For anyone thinking about Bazel for their project/organization... run as fast as you can in the opposite direction. It's easily the most complex and unintuitive build systems in the world, and I'm saying that as someone who used SCons. At the last job where I used it, I was on a team of 5 whose responsibilities included Bazel upkeep, which required anywhere from 10 to 50% of our time. This was used by a broader engineering team of 50, working on 3-5 "big" projects and a few dozen small ones.
If you are an organization with a large enough codebase (especially if it's in a monorepo) that you need a shared remote cache of build artifacts, or remote build sharding and execution, and have multiple languages (even protocol buffers) interacting in complex dependencies, then you should run as fast as you can away from less rigorous Blaze-alikes (Pants, Buck, etc.) straight towards Bazel.

Yes, it's complicated, but it's also quite rigorous, and the rigor pays off.

(We at Square had already found a Blaze-alike necessary.

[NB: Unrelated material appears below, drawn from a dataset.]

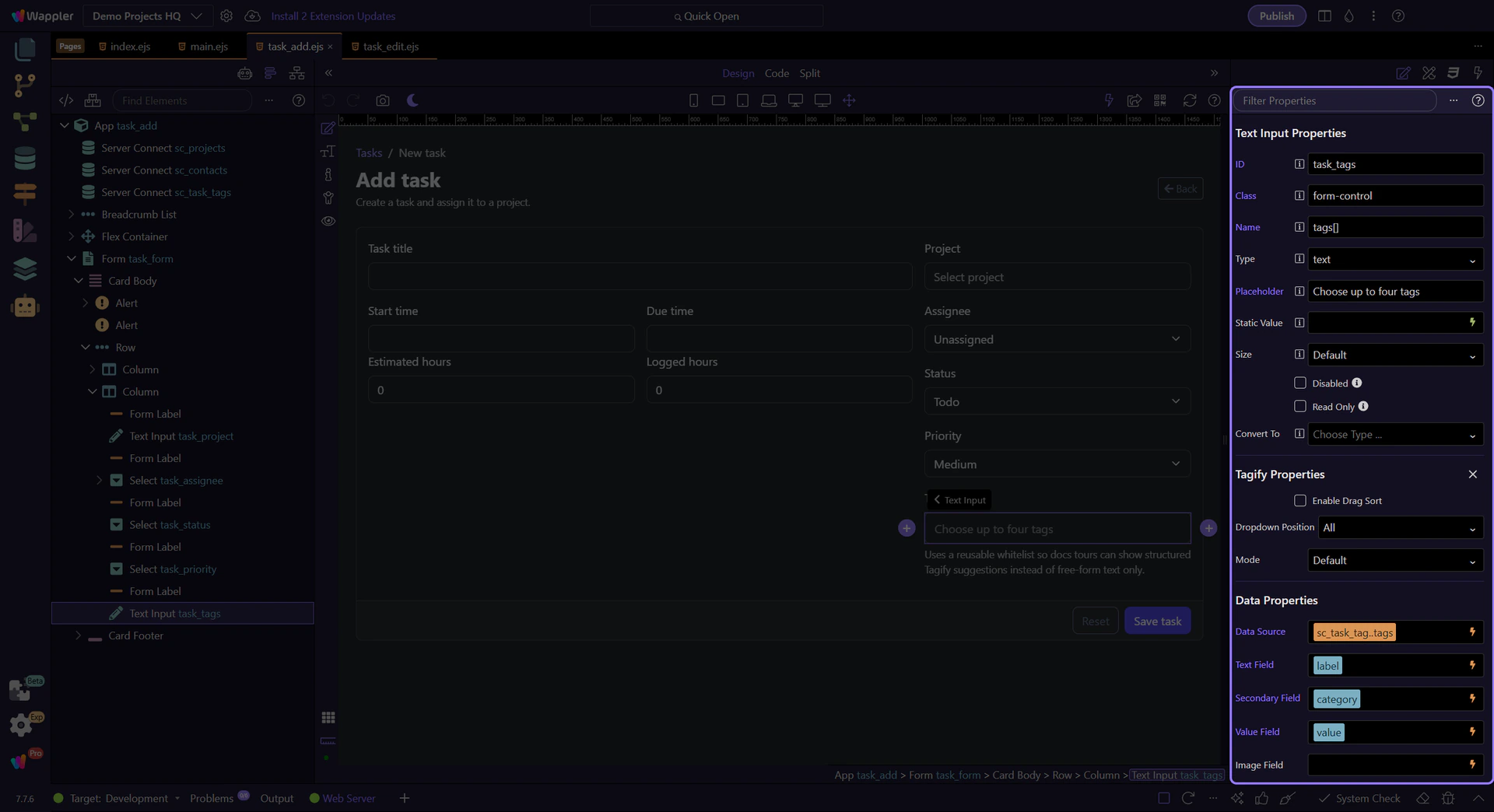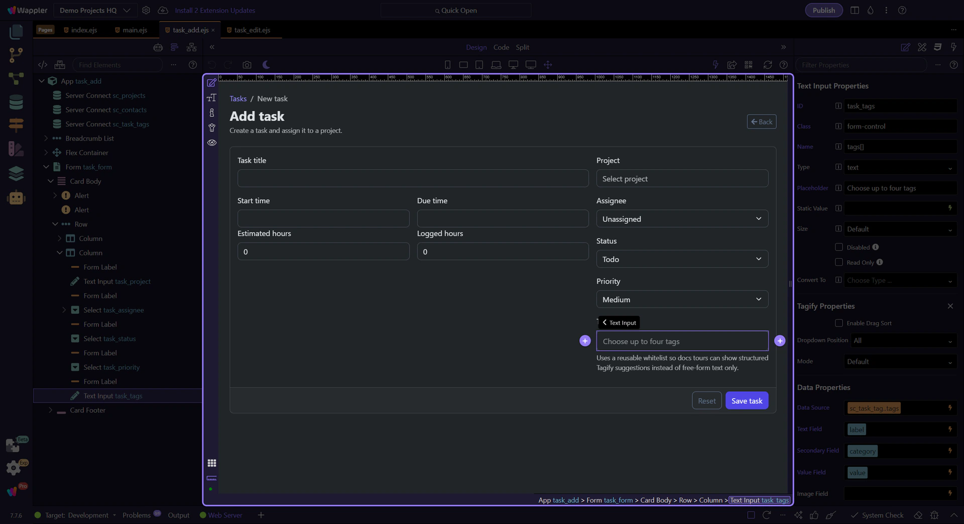 Section titled “Introduction”In Demo Projects HQ, the Tags field on the task form is a real Tagify implementation, not a placeholder demo. It uses a curated data source, posts as tags[], and renders suggestion rows with a primary label plus a secondary category. This tour stays on that concrete field so you can connect what you see in Design View to the properties that shape selection, storage, and visual feedback.

We are currently busy converting our Java build from Pants to Bazel.)

I'll never understand the fascination with mono repo's.
Once you reach a certain size of codebase, you're either going to be investing significantly in making many repositories work together and look a bit like a monorepo, or you're going to be investing significantly in making working on individual parts of a monorepo more efficient and look a bit like an isolated repo.

Both approaches take a huge amount of work and tooling.

The big selling point of a monorepo is that the time and effort taken to follow strict versioning and upgrade discipline for multiple interdependent projects can be somewhat avoided. On the code side.

If you're looking for a magic bullet argument proving that either approach is strictly better, I'm not the person to ask.
At a certain size, monorepo becomes the worst way to do it except for all the others.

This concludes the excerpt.